Previous metatranscriptomic studies have been mostly limited to GH family levels with limited or absent information regarding substrate specificity of identified transcripts [28, 29, 38–40]. In this study, transcript-level SACCHARIS analyses in combination with glycome profiling and linkage analysis suggested that substrate-specific CAZyme transcript expression is inducible. The TTIR-overexpressed transcripts and putative activities may identify those CAZymes with the greatest potential to improve the rate and extent of recalcitrant plant cell wall residues by the rumen microbial consortia. Identified target CAZymes of rumen origin are likely to stand a better chance of success when applied as additive enzymes as they are optimized for the complex physiological conditions within the rumen. Future recombinant production and characterization of these candidate CAZymes and their screening is needed to ascertain their synergy to the natural compliment of CAZymes produced by rumen microbiota. In addition, the barley straw overexpressed transcripts and their closely clustered CAZymes signifies important enzyme activities for effective barley straw digestion and hold high intellectual value for their wide application to industrial sectors such as bioenergy, and green chemistry. Here we have shown that integrating high-resolution analytical methods, such as cell wall structural characterization, in vitro batch culture, RNA-sequencing and DE analysis (Fig. 8), can be successfully used to identify recalcitrant polymers and resistant linkages within feeds, as well as inform the biological processes involved in ruminal digestion of polysaccharides.

A comparative study involving changes in cell wall glycan composition, glycosidic linkages, and the relative extractability of polysaccharides within TTIR and barley straw provided an unprecedented level of understanding of nutrient utilization by rumen microbes and helped to delineate the role of matrix polysaccharides in cell wall recalcitrance towards microbial enzymatic digestion. Adopting TTIR as a substrate for batch culture of rumen samples and the application of next generation sequencing to study gene expression by the rumen microbial community, successfully identified a number of CAZyme genes displaying potential for downstream enzyme product development and degradation of recalcitrant residues. Furthermore, incubation of rumen microbial communities on TTIR has proven a powerful approach for enzyme discovery. In this regard, characterization of the small oligosaccharide fraction associated with TTIR may allow targeted searches from other organisms for hydrolytic enzymes capable of digesting these oligosaccharides, whose addition may enhance the rumen digestion of recalcitrant forages. Taken together, the results presented in this study suggest that the cell wall layered structure hinders enzymatic accessibility to recalcitrant cell wall components like HX and XG. Considering the rumen is one of the most efficient biomass digestive systems known, the results of this study hold high value for bioproduct and bioprocess advances with lignocellulosic feedstocks. The integration of high-resolution glycomics with targeted metatranscriptomics analyses is an innovative experimental platform that is expandable to other feed-host systems and industrial fermentation processes as it holds vast promise for addressing rate-limiting reactions in digestive ecosystems.

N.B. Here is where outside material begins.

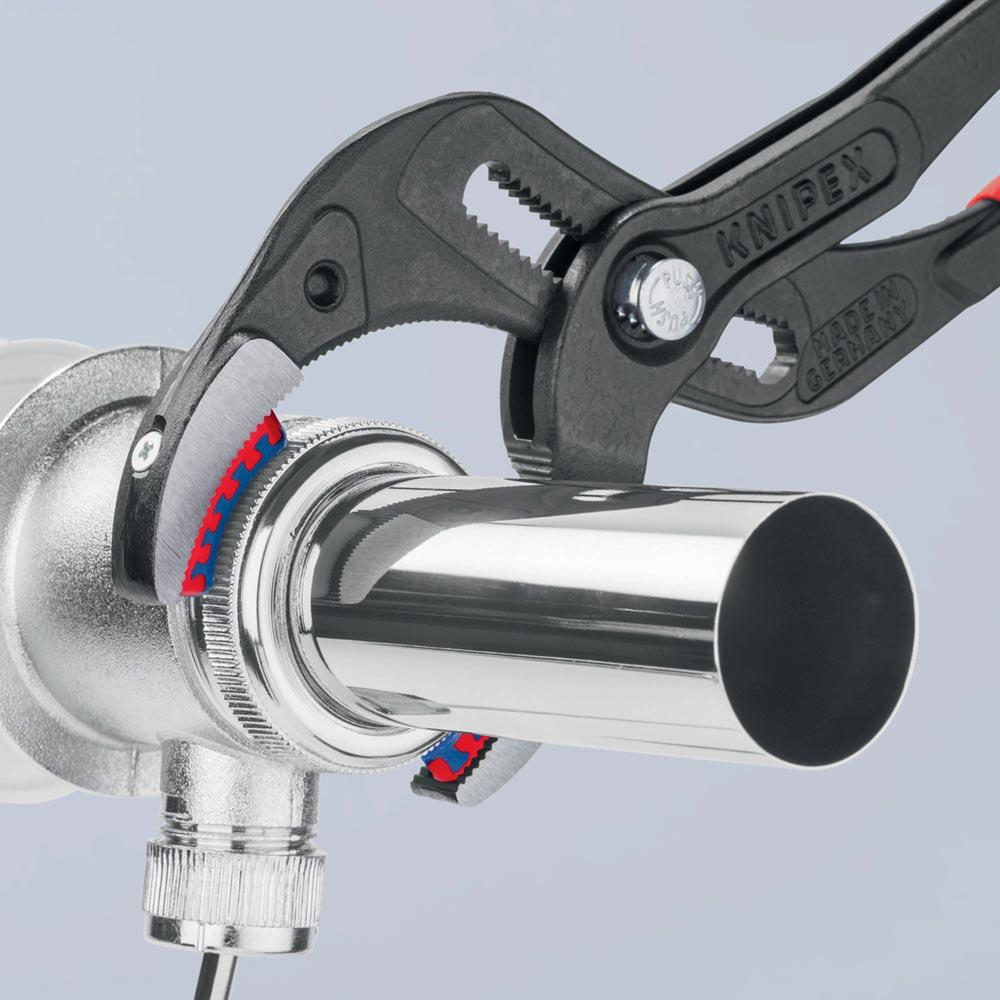 25-fach verstellbares, durchgestecktes Gelenk · Druckknopfverstellung · ergonomische Schenkelgeometrie · zum Anziehen und Lösen von Siphon-Verschraubungen, Kunststoff-Rohrverbindungen und runden Überwurfmuttern · Chrom-Vanadin-Elektrostahl, geschmiedet, ölgehärtet

Experimental setup and collection of samples.

All animal procedures and protocols used in this study were reviewed and approved by the Lethbridge Research and Development Center Animal Care Committee (ACC number 1501) in accordance with the guidelines of Canadian Council on Animal Care (CCAC, 2009). Overview of the experimental setup is graphically represented in Figure 8.

In vitro batch culture was used to culture mix rumen microbes on barley straw and total tract indigestible residues (TTIR) as substrates, as described previously [12]. TTIR was obtained from faecal samples collected from heifers (six) fed barley straw-based diets containing 70:30 forage-to-concentrate on a dry matter (DM) basis [45]. Collected faecal samples were pooled and extensively washed (6-7 times) with 50 mM citrate buffer to remove soluble particles. Given the high digestibility of the concentrate, it was assumed that the majority of TTIR originated from barley straw. The fecal residue obtained was dried for 72 h in an oven at 40 °C and defined as TTIR for use in batch culture experiments. Barley straw was dried at 40°C and ground to pass through a 1 mm screen.

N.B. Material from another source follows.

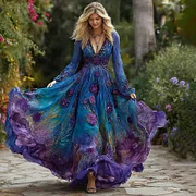 Women's Vintage Rose Floral Gradient Pattern V-neck Long-sleeved Dress
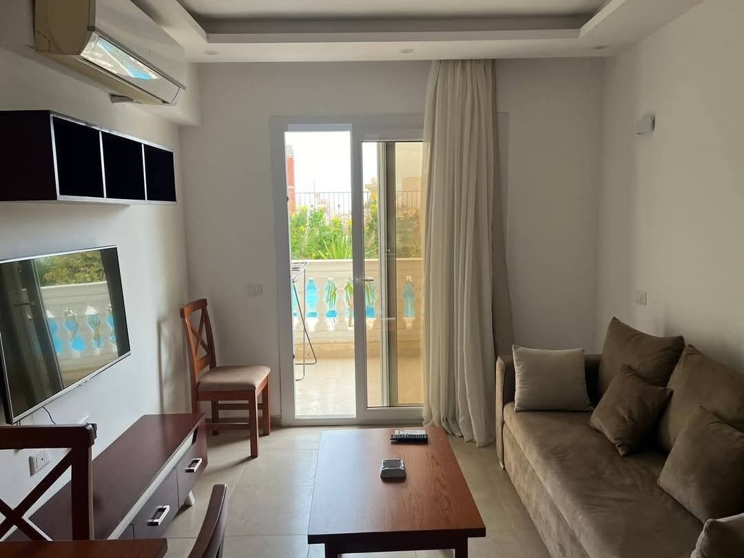 Stan se nalazi uz more, u blizini plaže s koralnim grebenom Crvenog mora. Put do aerodroma traje oko 15 minuta. U blizini je trg Soho s restoranima, trgovinama i pješačkim područjima. Stan je u prizemlju i ima direktan pristup bazenu, što je pogodno za opuštanje pored vode tokom dana. Građevinski radovi se ponekad mogu izvoditi u tom području, tako da je buka moguća tokom dana. Jutra i večeri su obično tihe i mirne.

In vitro batch cultures were set up in 3 replicate serum vials. Barley straw and TTIR were weighed (0.7g/bag) into acetone-washed and pre-weighted filter bags (F57 ANKOM bag, Ankom Technology Corp., Macedon, NY) that were then heat sealed. Individual bags were then placed in 125 mL serum vials. Rumen fluid from 4-5 different sites within rumen was collected from four ruminally cannulated Angus x Hereford heifers fed 50% grass hay, 30% barley straw, 15% corn dried distillers grains plus solubles and 5% mineral/vitamin supplement (DM basis) [13]. Collected rumen fluid was strained through cheesecloth and equal volumes from each cow were combined. The inoculum was prepared by mixing rumen fluid 1:4 with mineral buffer [13]. Inoculum (65 mL) was transferred to each vial under a stream of O₂-free CO₂. Vials were sealed with rubber stoppers and placed in a rotary shaker (120 rpm) in an incubator at 39 °C. Gas pressure in each vial was measured at 3, 6, 12, 24 and 48 h of incubation by inserting a 23 gauge (0.6 mm) needle attached to a pressure transducer (model PX4200-015GI, Omega Engineering, Inc., Laval, QC, Canada) and used to estimate gas production according to Romero-Pérez and Beauchemin (2018) [46]: Gas volume = 4.7047 × (gas pressure) + 0.0512 × (gas pressure²).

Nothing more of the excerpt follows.